# [Task goal]
A word-for-word retyping of the listing below is required, with the pictures dropped.

# [Data to examine]
+ + + + +
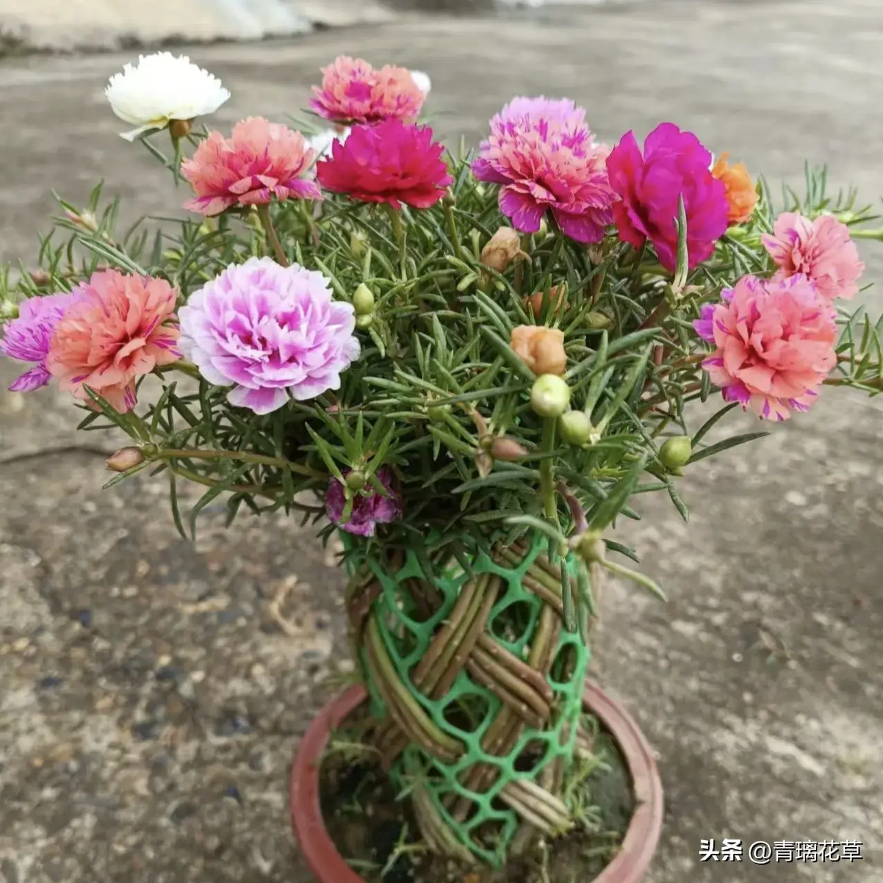 复瓣的太阳花很像一个个微型的牡丹花,所以,这种太阳花老桩相当于一株株微型牡丹,比自然播种生出的太阳花更具观赏性。当然了,虽说老桩太阳花更好看,但也别在保温上大意,毕竟是一种怕冷植物。所以入秋后就注意及时入室保温吧,在入室后借着这一段衰花期顺便给它们修剪修剪、补充下肥料,只要气温适宜,它们甚至依旧可以在冬天开放的,花友们快去试试吧。
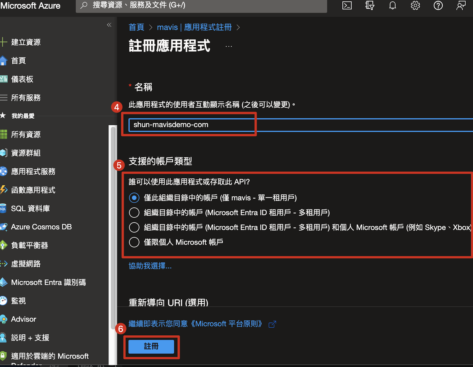 | 4. 輸入 自定義名稱 5. 支援的帳戶類型:勾選公司帳戶類型 此範例勾選:僅此組織目錄中的帳戶 (僅 mavis - 單一租用戶) 6. 點選 “註冊” |
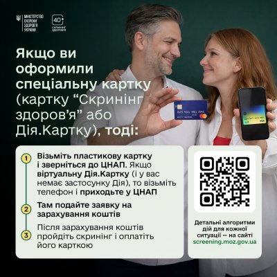 Щоб отримати державну підтримку на проходження скринінгу, необхідно оформити спеціальну картку одним із двох способів залежно від ваших технічних можливостей.
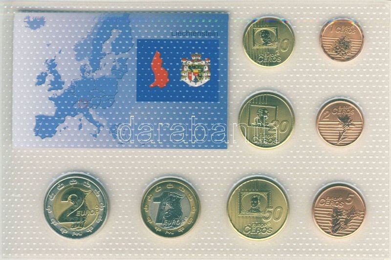 Leírás: Liechtenstein 2004. 1c,2c,5c,10c,20c,50c,1€,2€ próbaveretek, kereskedői szettben T:BU
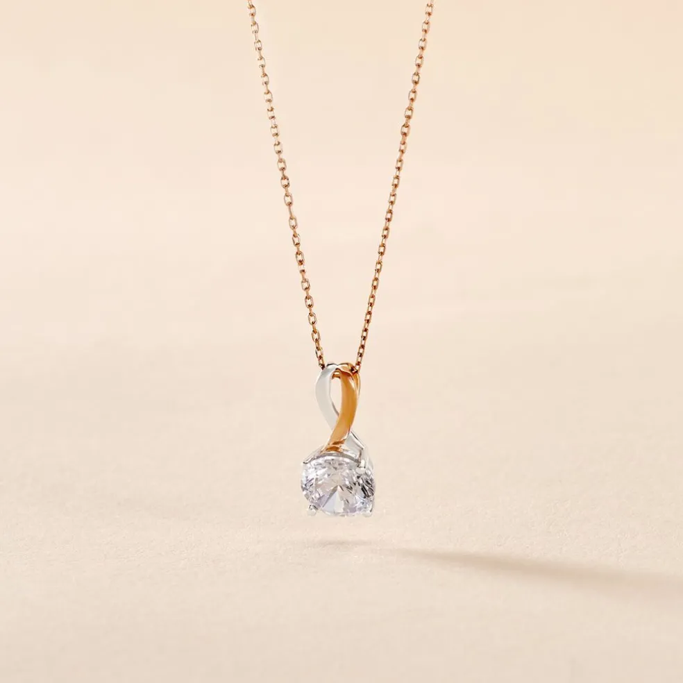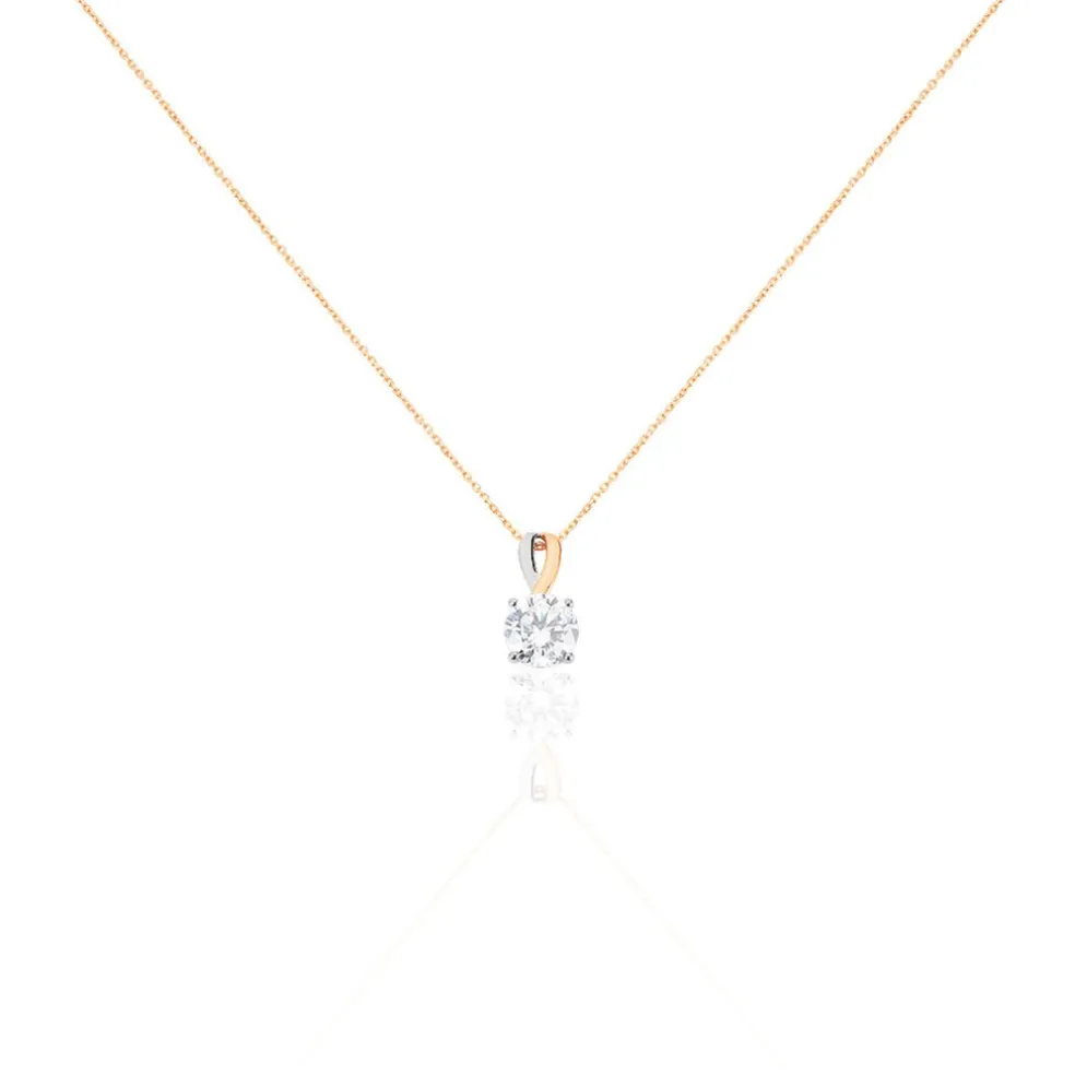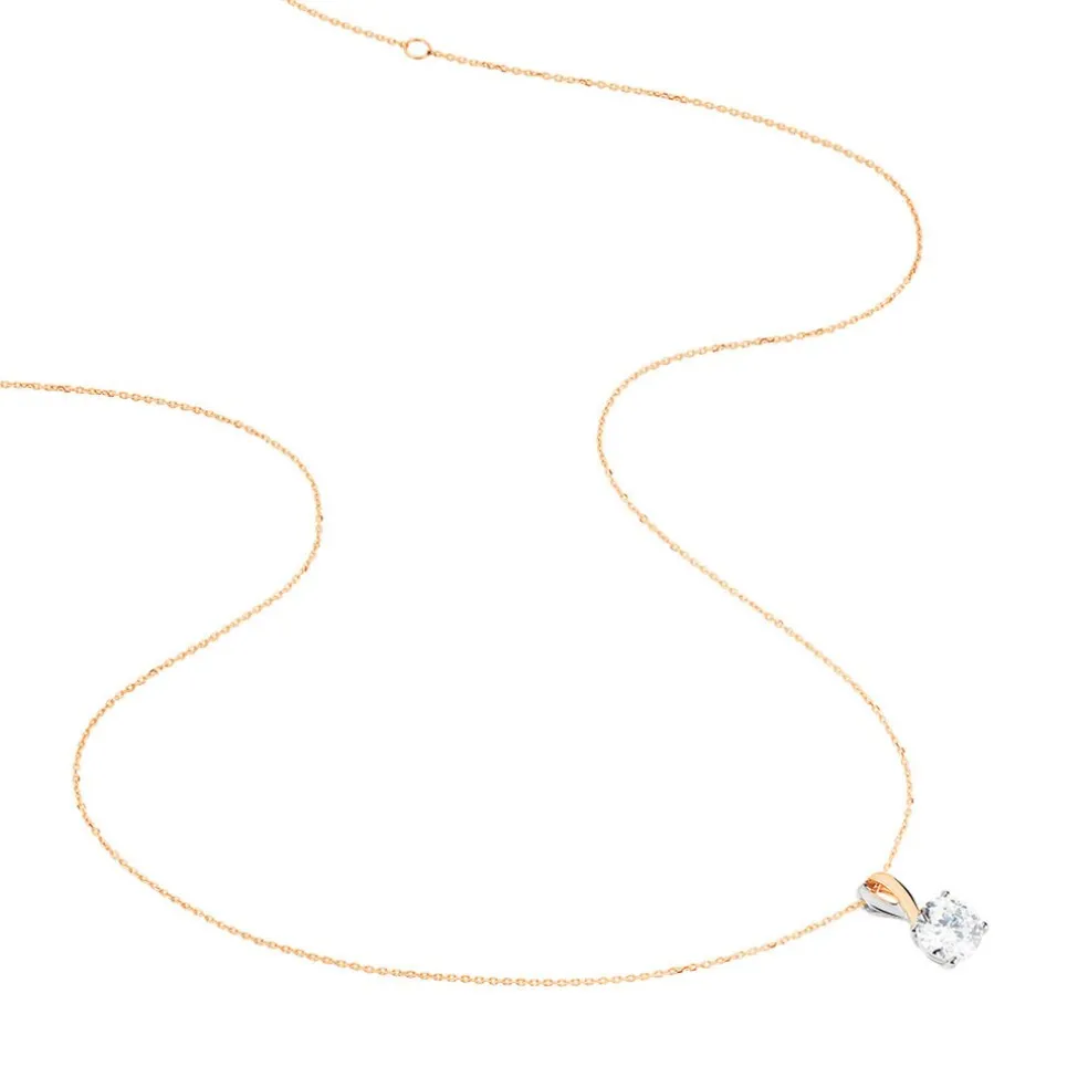 Collier Or Bicolore Blanc Et Rose 375/1000 Oxyde De Zirconium Central 6.5mm 42cm
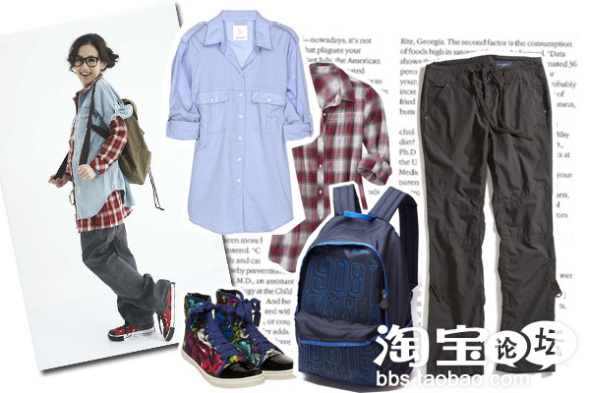 搭配技巧2:红色格纹和牛仔衬衫的叠穿很能表现学院气质,与工装裤的混搭恰到好处地诠释出自然女孩风,走在校园即不突兀,也不会感觉太平淡。没发现吧,你已经是校园中一道靓丽风景线了!
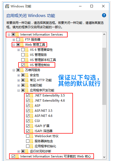 3、在“Windows功能”對話框里選中“Internet Information Services”,在Internet Information Services功能展開選擇框里根據你的需要選擇需要的功能就行了,比如要用FTP功能,能運行ASP.NET程序等等,只要選中這些功能就行了,并點擊“確定”按鈕;然后保證以下勾選,其他的默認就行,點擊確定。如圖:
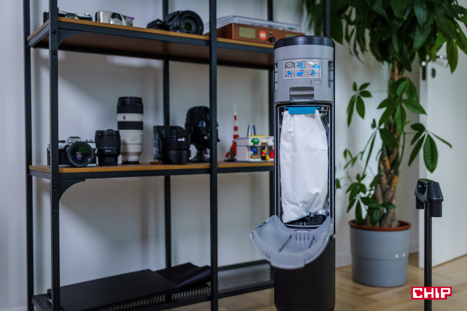 Utrapieniem osób posiadających odkurzacze pionowe jest konieczność od opróżniania. Jak dobrze wiemy, jak pojemniki na brud nie byłyby skonstruowane, zawsze coś wlezie za uszczelki i trudno jest to wyciągnąć. W przypadku stacji opróżniającej takiego problemu nie mamy. Odstawiamy do niej odkurzacz, a stacja automatycznie otwiera pojemnik i ze sporą mocą zasysa z niego wszystkie zabrudzenia. Oczywiście pojemnik możemy też otworzyć i opróżnić ręcznie. Co warto zauważyć, jeśli w pojemniku są śladowe ilości brudu, przykładowo w dniu pisania tego tekstu spadło mi kilka okruchów z talerza, to po ich odkurzeniu stacja nie opróżniała pojemnika.
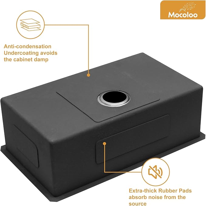 - Fast Drainage & R10 Design: Mocoloo undermount kitchen sink with an X-shaped groove design and sloped bottom for more rapid drainage. The 2 mm-thick rubber pads and coating on the back are added to absorb noise and vibration, which helps prevent condensation on this stainless kitchen sink, thereby protecting your cabinet. Unique 10 mm radius inside corners offer a slightly curved corner for easy cleaning and add a resolutely modern look to this 33 undermount sink
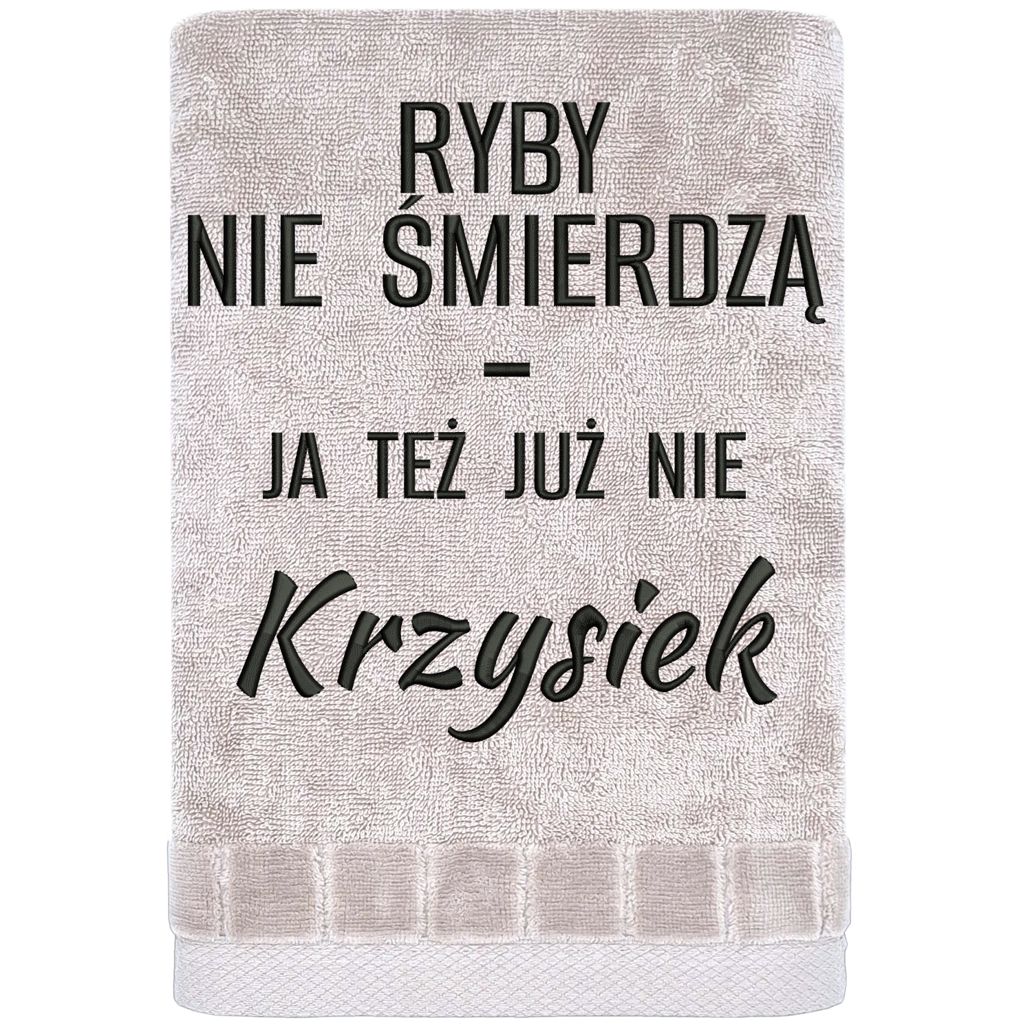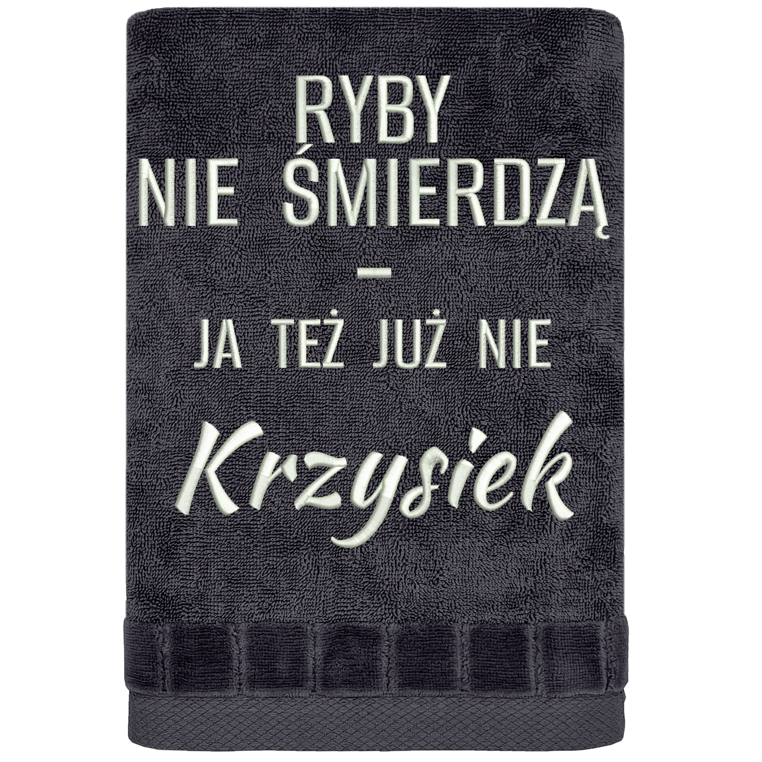Miękka, chłonna bawełna sprawia, że ręcznik jest nie tylko zabawny, ale też w pełni użytkowy. Dzięki zawieszce łatwo go powiesić, a trwały haft pozostaje wyraźny nawet po wielu praniach. To prezent, który nie kończy się na jednym śmiechu – zostaje na dłużej i naprawdę się przydaje. Jeśli szukasz śmiesznego prezentu dla wędkarza z imieniem, który jednocześnie jest praktyczny, to dokładnie ten kierunek. To także personalizowany ręcznik dla wędkarza na prezent, który łączy humor, funkcjonalność i trafiony przekaz w jednym produkcie.
+ + + + +
# [Answer section]
 复瓣的太阳花很像一个个微型的牡丹花,所以,这种太阳花老桩相当于一株株微型牡丹,比自然播种生出的太阳花更具观赏性。当然了,虽说老桩太阳花更好看,但也别在保温上大意,毕竟是一种怕冷植物。所以入秋后就注意及时入室保温吧,在入室后借着这一段衰花期顺便给它们修剪修剪、补充下肥料,只要气温适宜,它们甚至依旧可以在冬天开放的,花友们快去试试吧。
 | 4. 輸入 自定義名稱 5. 支援的帳戶類型:勾選公司帳戶類型 此範例勾選:僅此組織目錄中的帳戶 (僅 mavis - 單一租用戶) 6. 點選 “註冊” |
 Щоб отримати державну підтримку на проходження скринінгу, необхідно оформити спеціальну картку одним із двох способів залежно від ваших технічних можливостей.
 Leírás: Liechtenstein 2004. 1c,2c,5c,10c,20c,50c,1€,2€ próbaveretek, kereskedői szettben T:BU
 Collier Or Bicolore Blanc Et Rose 375/1000 Oxyde De Zirconium Central 6.5mm 42cm
 搭配技巧2:红色格纹和牛仔衬衫的叠穿很能表现学院气质,与工装裤的混搭恰到好处地诠释出自然女孩风,走在校园即不突兀,也不会感觉太平淡。没发现吧,你已经是校园中一道靓丽风景线了!
 3、在“Windows功能”對話框里選中“Internet Information Services”,在Internet Information Services功能展開選擇框里根據你的需要選擇需要的功能就行了,比如要用FTP功能,能運行ASP.NET程序等等,只要選中這些功能就行了,并點擊“確定”按鈕;然后保證以下勾選,其他的默認就行,點擊確定。如圖:
 Utrapieniem osób posiadających odkurzacze pionowe jest konieczność od opróżniania. Jak dobrze wiemy, jak pojemniki na brud nie byłyby skonstruowane, zawsze coś wlezie za uszczelki i trudno jest to wyciągnąć. W przypadku stacji opróżniającej takiego problemu nie mamy. Odstawiamy do niej odkurzacz, a stacja automatycznie otwiera pojemnik i ze sporą mocą zasysa z niego wszystkie zabrudzenia. Oczywiście pojemnik możemy też otworzyć i opróżnić ręcznie. Co warto zauważyć, jeśli w pojemniku są śladowe ilości brudu, przykładowo w dniu pisania tego tekstu spadło mi kilka okruchów z talerza, to po ich odkurzeniu stacja nie opróżniała pojemnika.
 - Fast Drainage & R10 Design: Mocoloo undermount kitchen sink with an X-shaped groove design and sloped bottom for more rapid drainage. The 2 mm-thick rubber pads and coating on the back are added to absorb noise and vibration, which helps prevent condensation on this stainless kitchen sink, thereby protecting your cabinet. Unique 10 mm radius inside corners offer a slightly curved corner for easy cleaning and add a resolutely modern look to this 33 undermount sink
Miękka, chłonna bawełna sprawia, że ręcznik jest nie tylko zabawny, ale też w pełni użytkowy. Dzięki zawieszce łatwo go powiesić, a trwały haft pozostaje wyraźny nawet po wielu praniach. To prezent, który nie kończy się na jednym śmiechu – zostaje na dłużej i naprawdę się przydaje. Jeśli szukasz śmiesznego prezentu dla wędkarza z imieniem, który jednocześnie jest praktyczny, to dokładnie ten kierunek. To także personalizowany ręcznik dla wędkarza na prezent, który łączy humor, funkcjonalność i trafiony przekaz w jednym produkcie.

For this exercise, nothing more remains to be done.